Data excerpts:
= Beginning of Section =

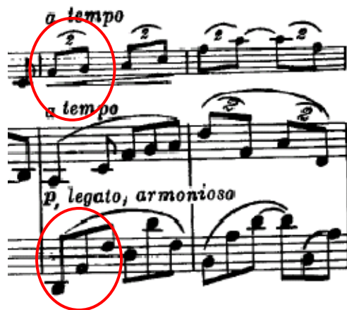
Ilustración 3. Compás 45 con anacrusa.

Además de elementos melódicos provenientes del folklor y las danzas tradicionales sudamericanas, identificamos otro elemento característico en algunas de estas danzas, la polirritmia 2:3. En este caso en particular la melodía cantada por el clarinete fue escrita en dosillos de corchea y la mano izquierda del piano en corcheas agrupadas de a 3 en el marco del compas de 6/8 (Ilustración 3).
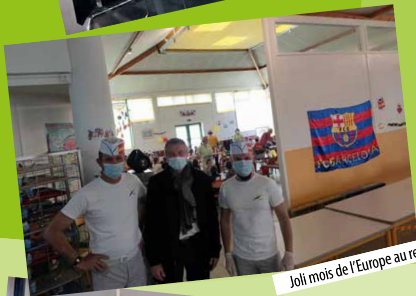
Joli mois de l'Europe au restaurant scolaire
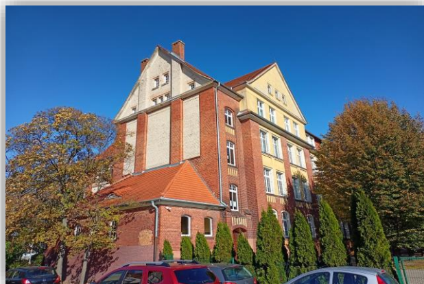
Budynek ZSZ nr 2

Zespół Szkół Zawodowych nr 2 zlokalizowany jest przy ulicy Koszarowej 12 w obiektach opuszczonych przez Armię Radziecką. Powstał 1 września 1993 roku poprzez wydzielenie z ówczesnego Zespołu Szkół Zawodowych przy ulicy Wojska Polskiego oddziałów, w których prowadzone było kształcenie pracowników młodocianych.
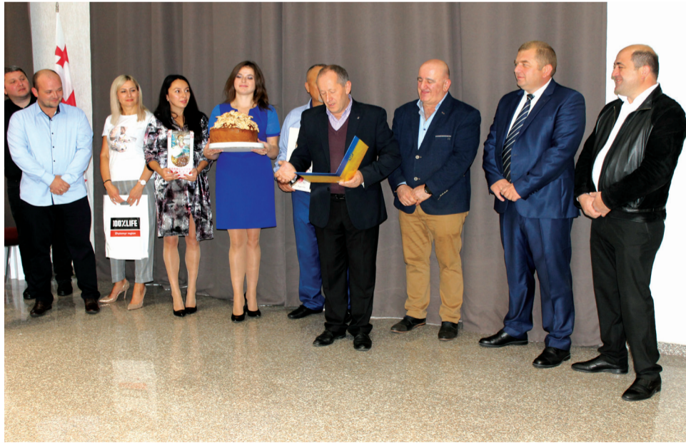
უცხოელი დელეგაციების ოფიციალური მიღება სასტუმრო „ივერიის“ საკონფერენციო დარბაზში შედგა
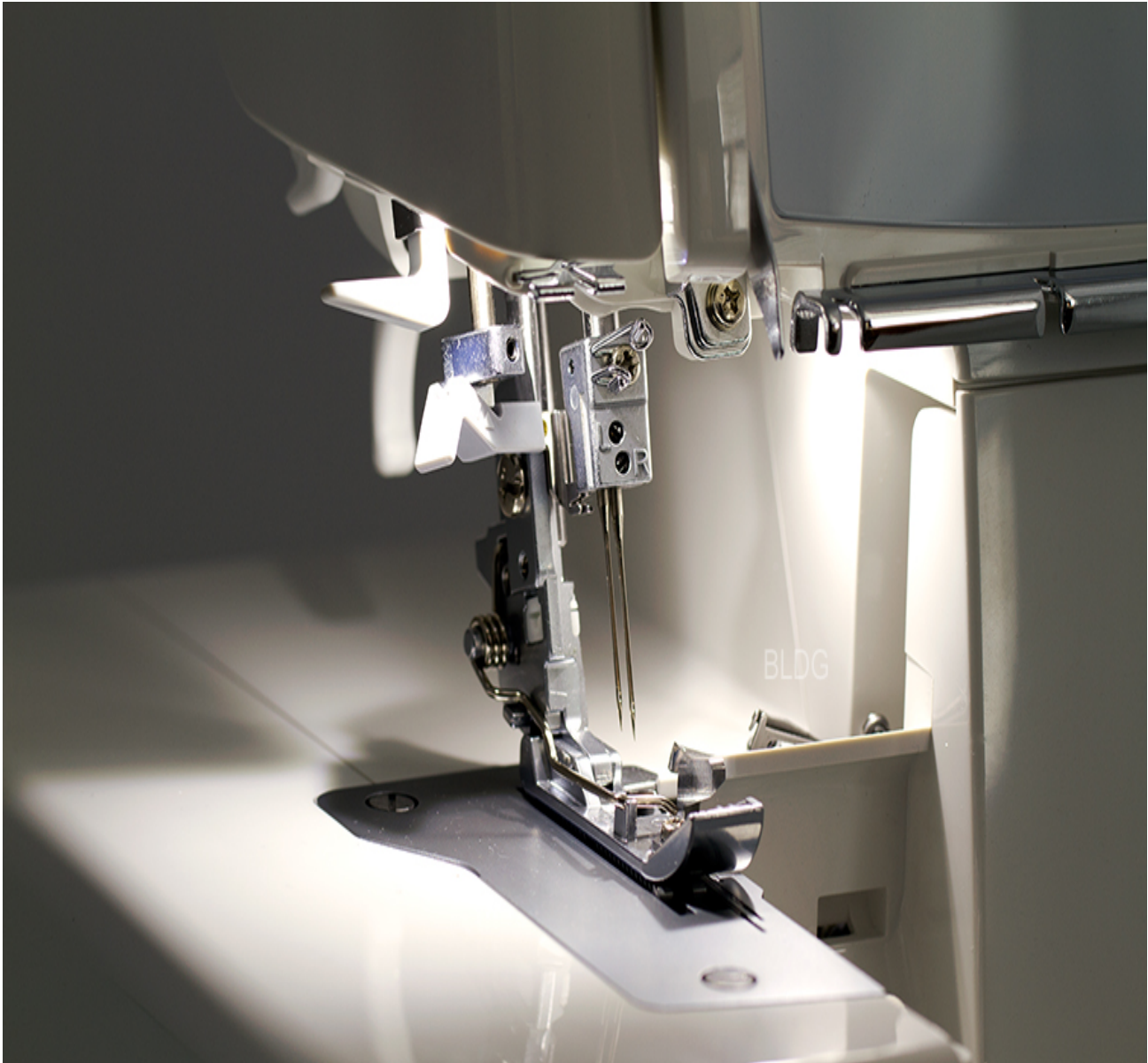
LED-Beleuchtung des Arbeitsfeldes

LED-Beleuchtung: Das LED-Licht leuchtet den Nähbereich so gut aus, dass Sie zu jeder Tageszeit ohne Sichtprobleme mit Ihrer MO-2000 arbeiten können.
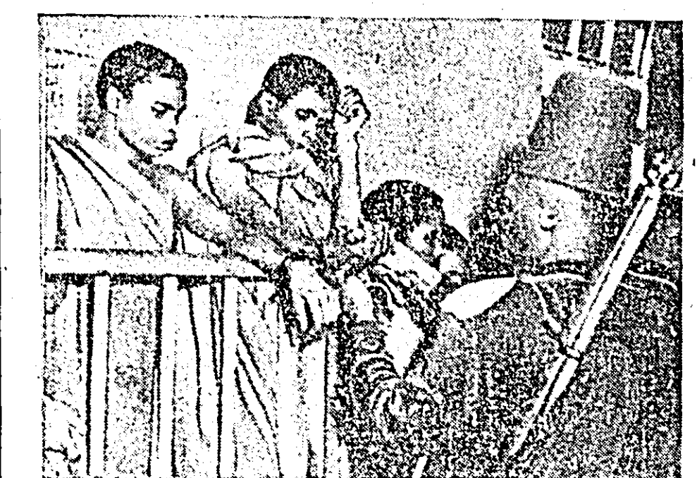
În clișeu: patrioții din Kenya așteptând sentința judecătorească

„SOLIDARITATEA” (Gai), până la 19 Dec.: „Cruceașorul Poemkin”, Repr. în zilele de lucru la orele 7 seara, Duminică repr. la orele 3, 5 și 7.
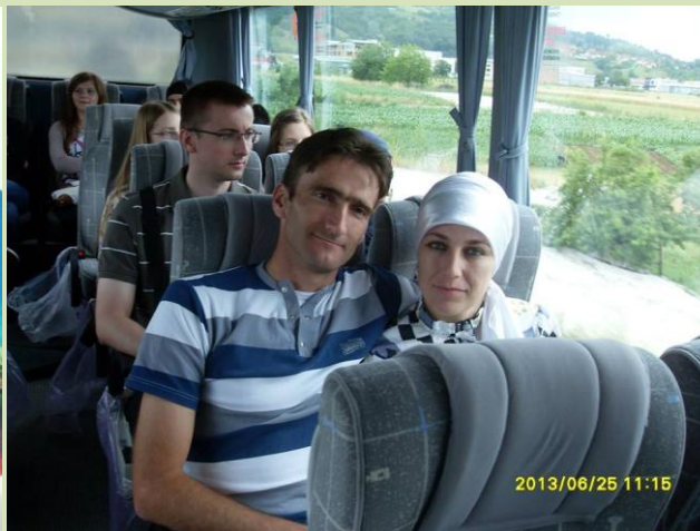
Na put se krenulo sa ugodnim novim autobusima agencije Fidan Tours.
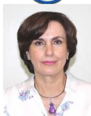
Senadora Patricia Mercado Integrante
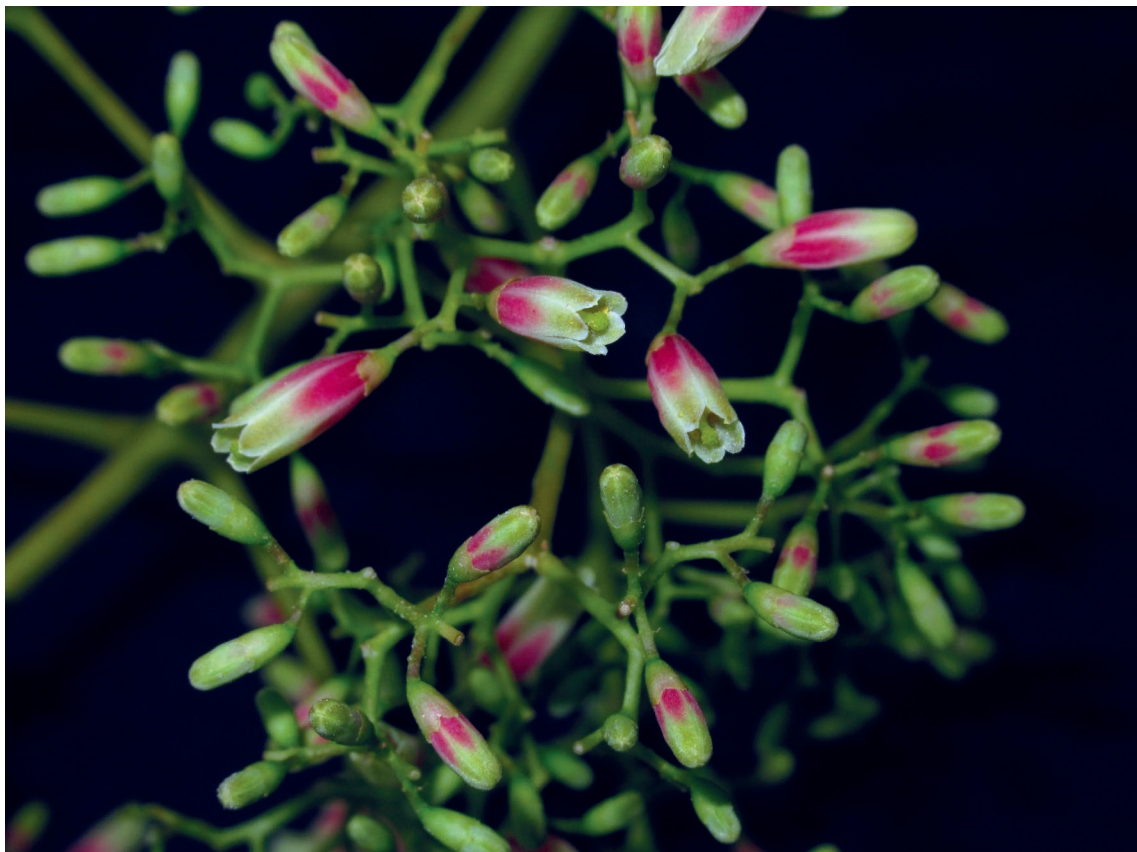
Figura 2. Cedrela domatifolia , flores. Terreros 417 (MOL)
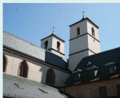
Museum der Stadt Worms im Andreasstift Weckerlingplatz 7 · 67547 Worms www.museum-andreasstift.de
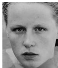
Abb./fig. 4 Roni Horn a.d.S./from the series You are the weather 36 Gelatine Silver Prints und/and 64 C-Prints 1994–1995
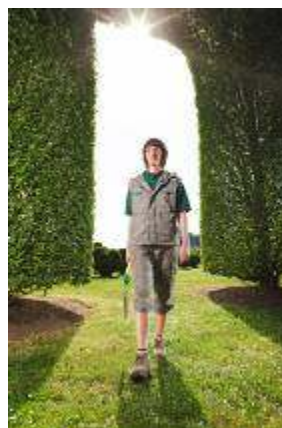
... Generation Work
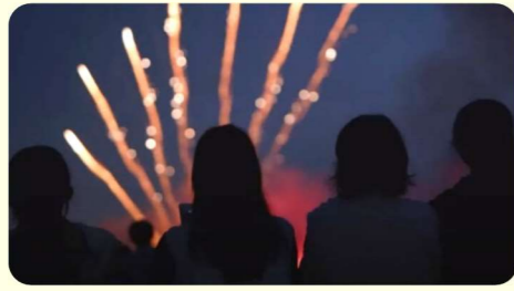
「福間バンパク」は、「バン（花火）」、「パク（食べること）」から。卒業おめでとう！
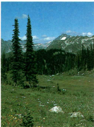
Meadows covered by colorful wildflowers. Les prés colorés de fleurs sauvages.

Published by authority of the Minister of the Environment ©Minister of Supply and Services Canada 1983 Publié en vertu de l'autorisation du ministre de l'Environnement ©Ministère des Approvisionnements et Services Canada 1983 OS-R121-000-BB-A1
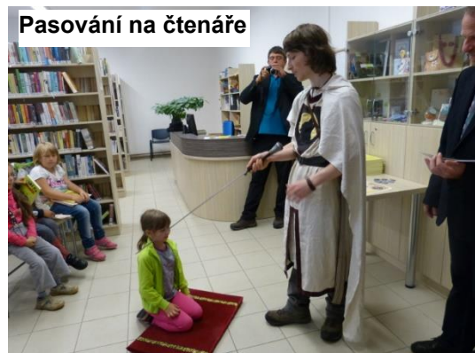
Pasování na čtenáře

V úterý 23. června 2015 se naši prvňáci odebrali do městské knihovny. Zde je již čekala paní knihovnice, pan starosta a pan
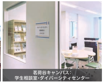
茗荷谷キャンパス: 学生相談室・ダイバーシティセンター

また、2023年4月からは茗荷谷キャンパスにも学生相談室・ダイバーシティセンターが開設されました。こちらは、月曜日～金曜日の授業実施日の10:00～17:00に開室しています。いずれも、休憩や読書、談話や課題等で利用することができ、書籍の貸し出しも行っていきます。
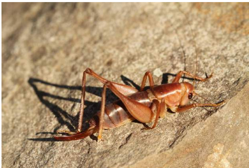
Eumetrioptera mistshenkoi Bekuzin – Эуметриоптера Мищенко
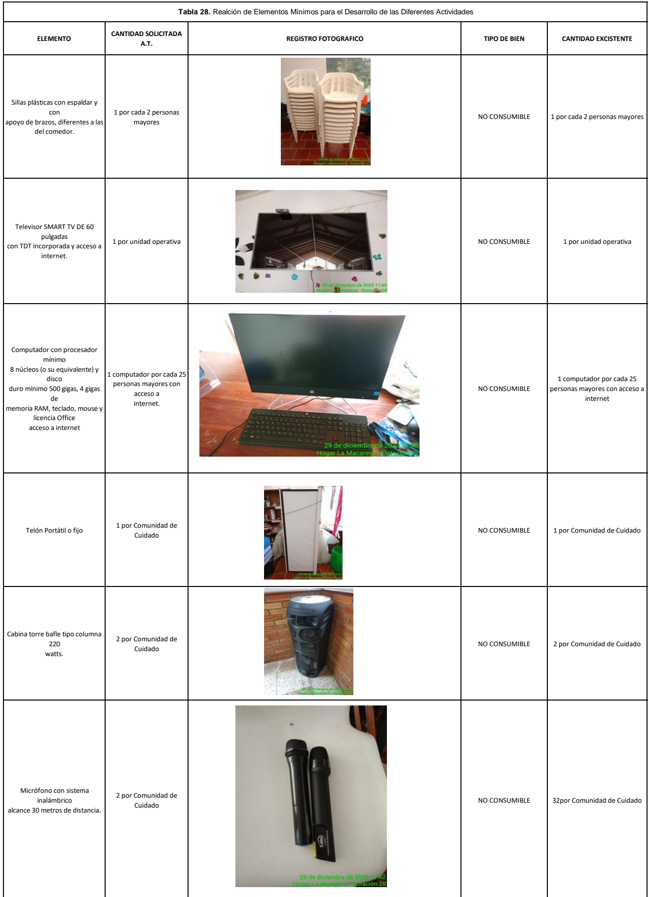
Tabla 28. Reación de Elementos Mínimos para el Desarrollo de las Diferentes Actividades
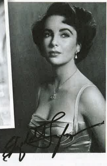
Ameerika filminäitlejanna Elizabeth Taylor.
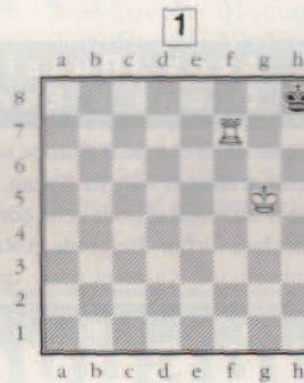
Un mat classique.

A toi de trouver les meilleures suites blanches: les mats, les gains de matériel, ou même parfois les sauvetages les plus rapides!

= End of Section =

Exercise objective: Every line above that holds the string "Ilustración" should be copied out.

Answer section:
Ilustración 3. Compás 45 con anacrusa.
Además de elementos melódicos provenientes del folklor y las danzas tradicionales sudamericanas, identificamos otro elemento característico en algunas de estas danzas, la polirritmia 2:3. En este caso en particular la melodía cantada por el clarinete fue escrita en dosillos de corchea y la mano izquierda del piano en corcheas agrupadas de a 3 en el marco del compas de 6/8 (Ilustración 3).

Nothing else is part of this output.